Sanofi-Aventis Ukraine, being a part of the global pharmaceutical sanofi group, carries out its business activities in Ukraine in strict compliance with the standards of EU, and it also makes a significant contribution to development of Ukrainian healthcare system in general by cooperating with healthcare authorities, scientists, representatives of medical community and patients. Particularly, the company supports initiatives that enable Ukrainian professionals to learn about the best European practice as to registration and quality control of medicinal products.
The main speaker on the workshop, representative of the European Compliance Academy, Dr. Joseph Hofer, gave detailed information about European pre-registration expertise of medicines, the ways of interacting with competent regulatory authorities in the EU countries, and about the functions of European regulatory authorities. The workshop’s discussions focused on comparative analysis of Ukrainian and European procedures of medicine and healthcare product registration, and on the steps that Ukraine should make to successfully integrate into the European regulatory framework as to this sphere.
Jean-Paul Scheuer, General Manager of Sanofi-Aventis Ukraine LLC: "Sanofi is committed to caring for people, and their health is of the highest value to us. We cooperate closely with the government authorities, scientific institutes and medical community, and we support various initiatives that contribute to the healthcare system development in Ukraine.
Today’s high-level workshop became yet another proof of our approach and long-term commitments to Ukrainian patients and professionals.
We endeavor to make quality and innovative medicines available for Ukrainian people, just like the patients from other European countries, and timely registration of drugs in compliance with the European standards plays a key part in this: It provides people with access to proper medical treatment and improves the quality of their lives.”
Dr. Joseph Hofer, European Compliance Academy (ECA): "I am happy to visit Ukraine and take part in the workshop intended to bring together the representatives of Ukrainian authorities and pharmaceutical community for productive cooperation as regard to the topic of registration and quality control of medicines. There is no doubt that effective advancement of Ukrainian pharmaceutical industry is possible only if European experience and standards are taken into concideration. I am sure that after this workshop, Ukraine came one step closer to its integration into the European community.”
Iryna Kudriavtseva, Deputy General Director of the State Expertise Center of the Ministry of Health of Ukraine, Director of Department for Registration (Re-Registration) of Medicinal Products and Making Changes to Registration Dossiers: “Thanks to such initiatives that reveal the many years’ global experience in pharmaceutical industry, we are able to learn more about current European requirements to the quality of medicinal products, activities of pharmaceutical companies, and medicinal product registration process. The workshop became another important step for us on the road to improving regulation of pharmaceutical industry in Ukraine in compliance with European standards.”

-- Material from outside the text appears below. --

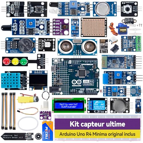 SUNFOUNDER Kit de capteurs avec Arduino Uno R4 Minima, Smart IoT et projets de capteur de base avec tutoriels en ligne, convient aux débutants à partir de 8 ans (Arduino Uno R4 Minima original inclus)

About Sanofi-Aventis Ukraine
Sanofi-Aventis Ukraine LLC is part of Sanofi, global and diversified healthcare leader working on researching, developing and providing therapeutic solutions addressing the patients’ needs. In the field of healthcare, Sanofi specializes on seven growth platforms: solutions for diabetes, human vaccines, innovative products, rare diseases, consumer healthcare, developing markets, and animal health.
About European Compliance Academy (ECA)
The European Compliance Academy (ECA) was founded in 1999 as an independent educational association and is working on the issues of pharmaceutical quality assurance and Good Manufacturing Practice (GMP) compliance. The Academy has close to 4,000 members representing more than 60 countries. The purpose of ECA is the exchange of information between representatives of the industry, state authorities that regulate manufacturing and circulation of medicines, and the scientific institutes. The ECA holds its activities in cooperation with ConceptHeidelberg, a company involved in organization of professional conferences.